Chang’s team now hopes to follow in the footsteps of Synlogic to evaluate the efficacy, safety, and stability of their engineered probiotic bacteria through clinical trials. Silver’s group hopes to turn their sensor bacteria into therapeutic-producers.
Although engineering bacteria as therapeutics is still in its infancy and there are challenges to getting it into the clinic, the technology is already proving to be a powerful tool with the potential to treat conditions that other therapies cannot touch.
1. I.Y. Hwang et al., “Engineered probiotic Escherichia coli can eliminate and prevent pseudomonas aeruginosa gut infection in animal models,” Nat Commun, 8:15028, 2017.
2. C.L. Ho et al., “Engineered commensal microbes for diet-mediated colorectal-cancer chemoprevention,” Nat Biomed Eng, 2(1):27-37, 2018.
3. M.R. Charbonneau et al., “Developing a new class of engineered live bacterial therapeutics to treat human diseases,” Nat Commun, 11:1738, 2020.
4. Y-J. Zhang et al., “Impacts of gut bacteria on human health and diseases,” Int J Mol Sci, 16(4):7493-519, 2015.
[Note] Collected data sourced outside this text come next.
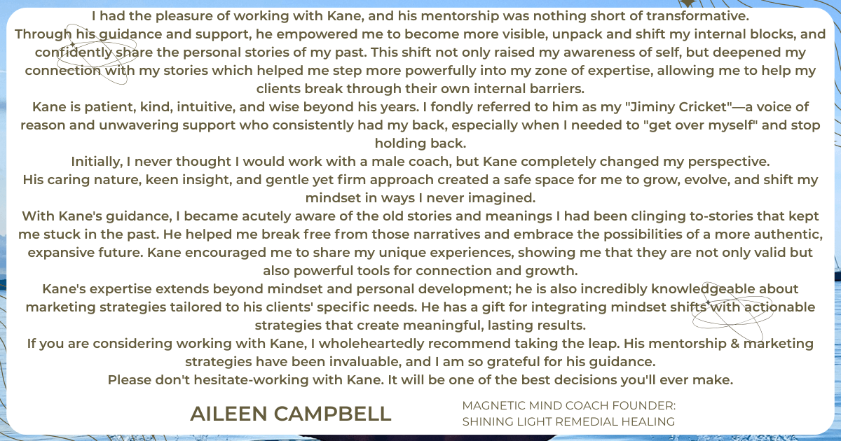 Kane's expertise extends beyond mindset and personal development; he is also incredibly knowledgeable about marketing strategies tailored to his clients' specific needs. He has a gift for integrating mindset shifts with actionable strategies that create meaningful, lasting results.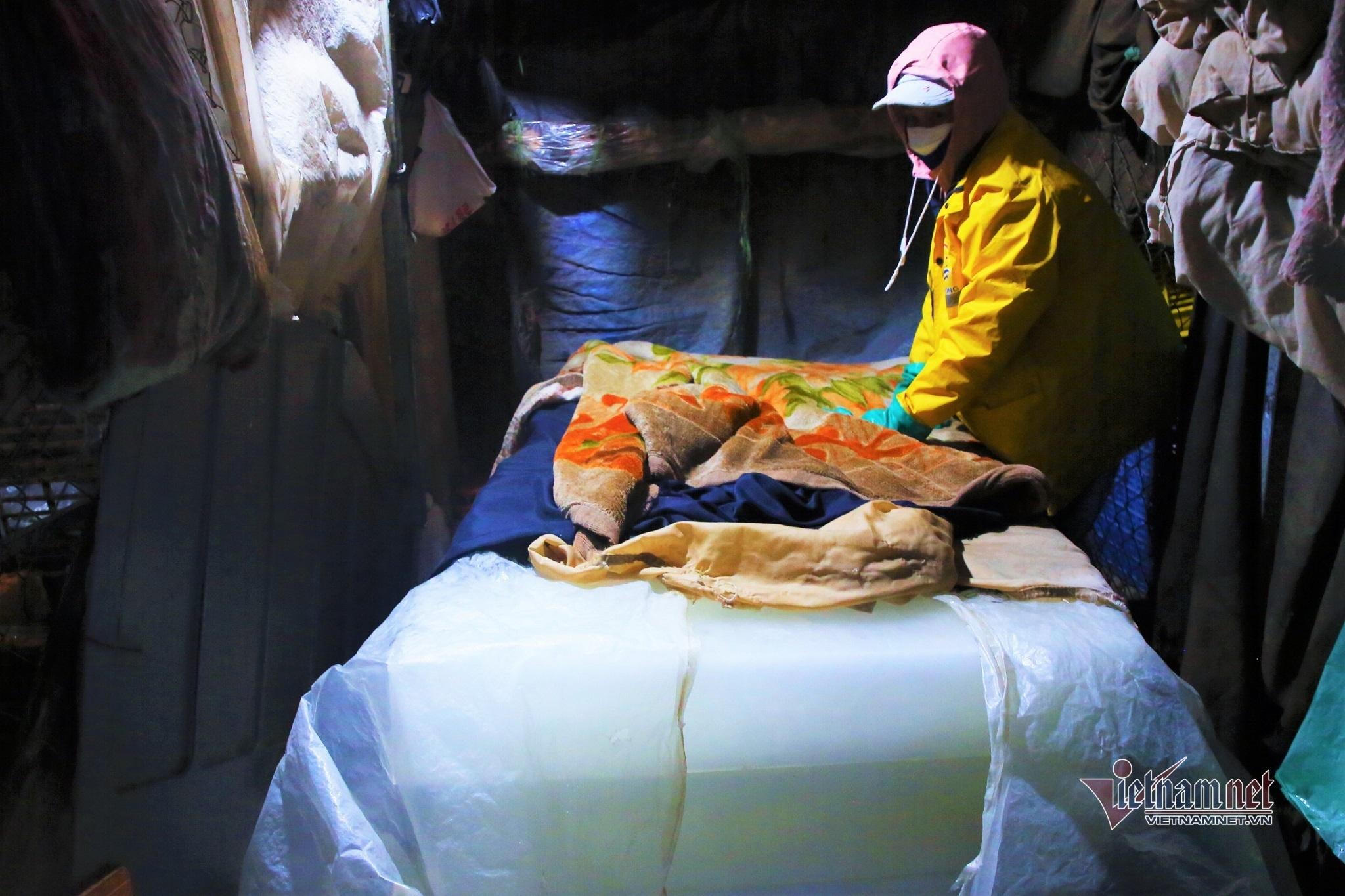 Do điều điện phải tiếp xúc trực tiếp với đá lạnh nên ngoài quần áo giữ nhiệt, áo khoác thì bà Tư đã mặc đến 2 áo mưa, đi 2 đôi găng tay.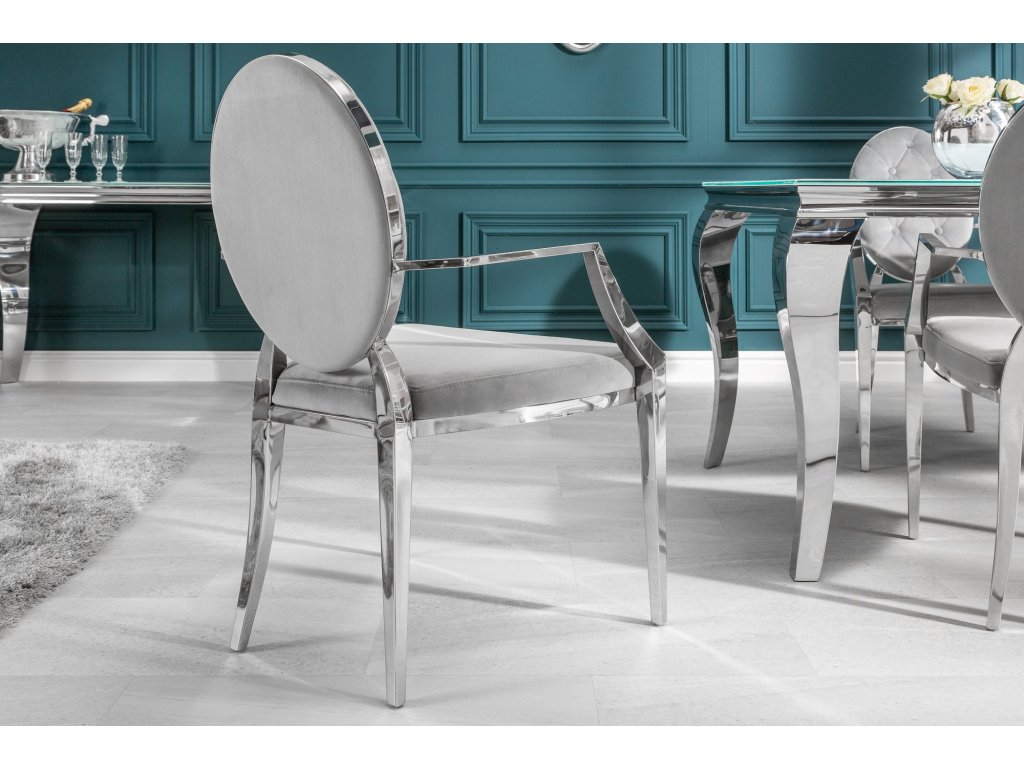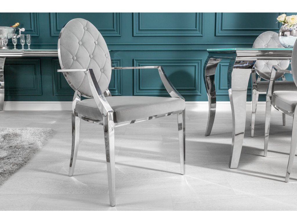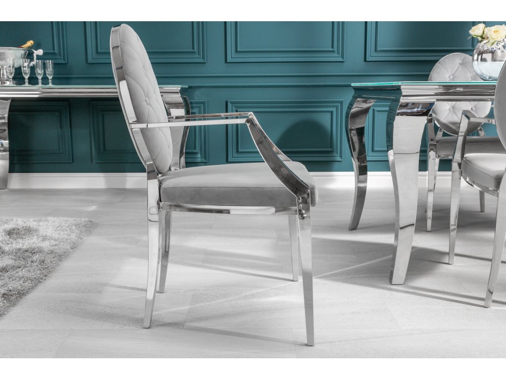 Židle MODERN BAROCK s područkami sametově ušlechtilá šedá v barokním stylu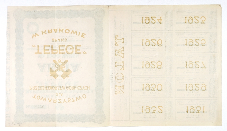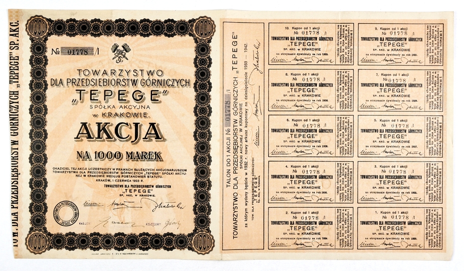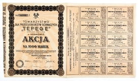 TEPEGE, Towarzystwo dla Przedsiębiorstw Górniczych, Spółka Akcyjna w Krakowie. Akcja na 1000 marek.
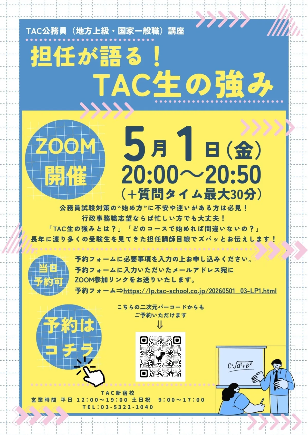 資格取得を支援するTAC株式会社が、2026年5月1日(金)にオンラインで「担任が語る!TAC生の強み」と題したセミナーを開催します。このイベントは、公務員試験を考えている方を対象としており、オンラインの特性を活かして全国から参加可能です。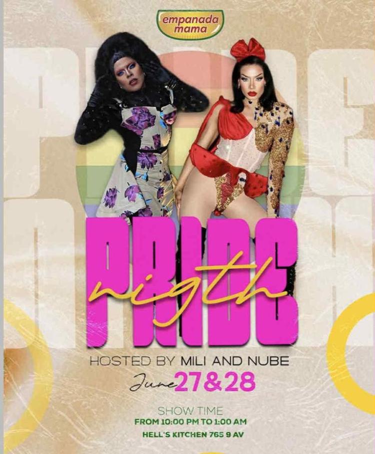 And on Pride Friday and Saturday, you and Mili will be serving dinner shows at hotspot Empanada Mama in Hell’s Kitchen.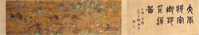 此卷为吴景洲先生于1947年“倾囊得之”,1955年捐献故宫博物院,卷后有其长题,考定此卷 为张丑《清河书画舫》中著录的“唐大李将军御苑采莲图”。后经有关学者考证,此卷为南宋 人作,虽非出自李思训父子之手,但仍反映出早期青绿楼阁绘画的一些特点。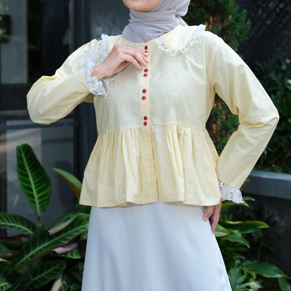 Mybamus x Nabilabyaaa Biyaa Poplin Blouse Atasan Wanita Lengan Panjang Renda Collar
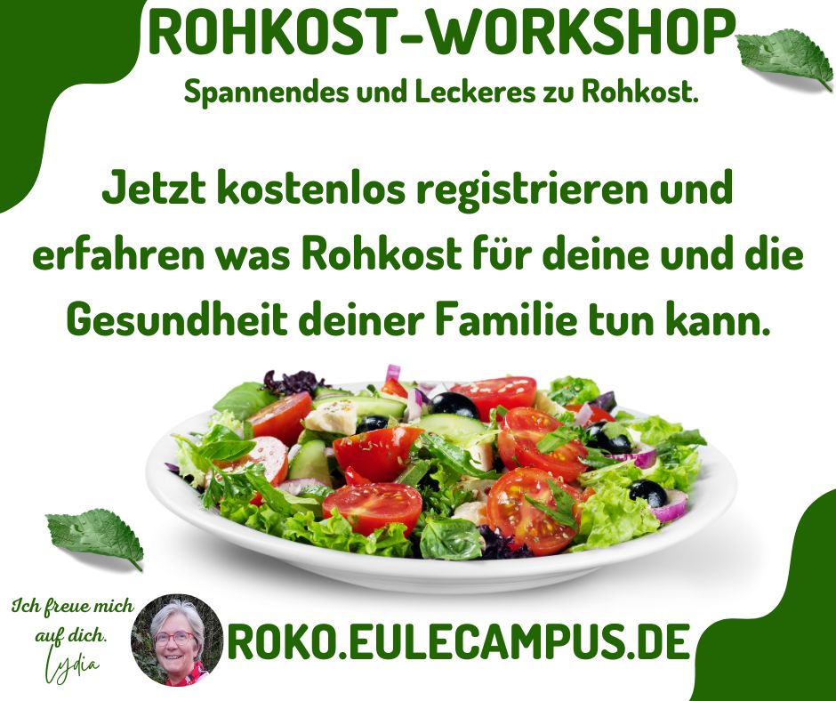 Du willst mehr über die vielfältigen Vorteile von Rohkost erfahren, dann besuche doch einfach den nächsten Rohkost-Workshop hier auf dem EULE Campus. In einer netten Online-Runde erzählt Lydia wissenswertes und interessantes zum Thema Rohkost. In einem regen Austausch werden Fragen beantwortet, Tipps und Ideen weitergegeben. Wer mag kann ein leckeres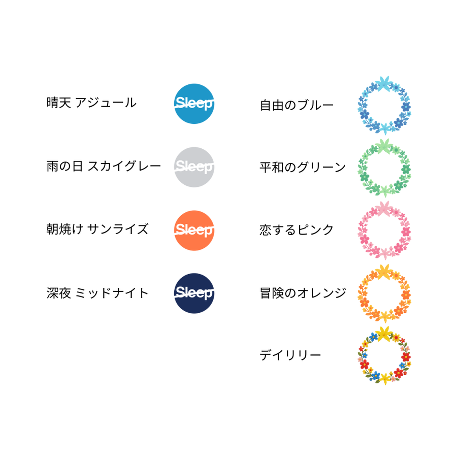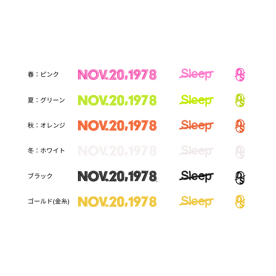 この6色は、他にもSleep slashロゴ刺繍や、イニシャル刺繍にもお選びいただけます。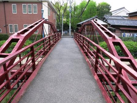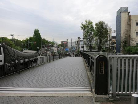 富岡八幡宮の東側に八幡橋がある。 境内裏にある参拝者駐車場から外に出て、横綱力士碑の奥にあたる場所の路地を進むと、細道の上に架かっている。 渡った先に「旧弾正橋(八幡橋)」という説明板がある。 「もと、京橋楓川(もみじがわ)に架けられていた弾正橋で、大震災後新しい橋が架けられたので、この場所に八幡橋として保存されることになった。 この橋は 鋳鉄橋から錬鉄橋にいたる過渡期の鉄橋として、価値の高い橋である。」という。 ≪前回の八丁堀の散歩の時に訪れた弾正橋の、もともと架けられていたものである≫、 西にある深川不動尊まではすぐである。 |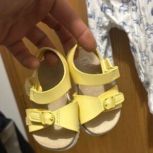 Bright yellow kids sandals perfect for sunny days. Comfortable and stylish for little feet. Size 2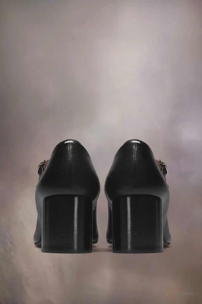 In morbida nappa con cinturino anteriore regolabile, le scarpe Mary Jane presentano un tacco cilindrico di 6 cm e la punta divisa Tabi, ispirata al tradizionale calzino giapponese del XV secolo che porta lo stesso nome, lanciato per la collezione di debutto della Maison nel 1989. Cattura lo spirito avanguardista e insubordinato della Maison e si presenta come un classico della tradizione, continuamente esplorato in ogni collezione.

5. F. Scaldaferri et al., “Role and mechanisms of action of Escherichia coli Nissle 1917 in the maintenance of remission in ulcerative colitis patients: An update,” World J Gastroenterol, 22(24):5505–11, 2016.
6. N. Saeidi et al., “Engineering microbes to sense and eradicate Pseudomonas aeruginosa, a human pathogen,” Mol Syst Biol, 7:521, 2011.
7. D.T. Riglar et al., “Engineered bacteria can function in the mammalian gut long-term as live diagnostics of inflammation,” Nat Biotechnol, 35:653-58, 2017.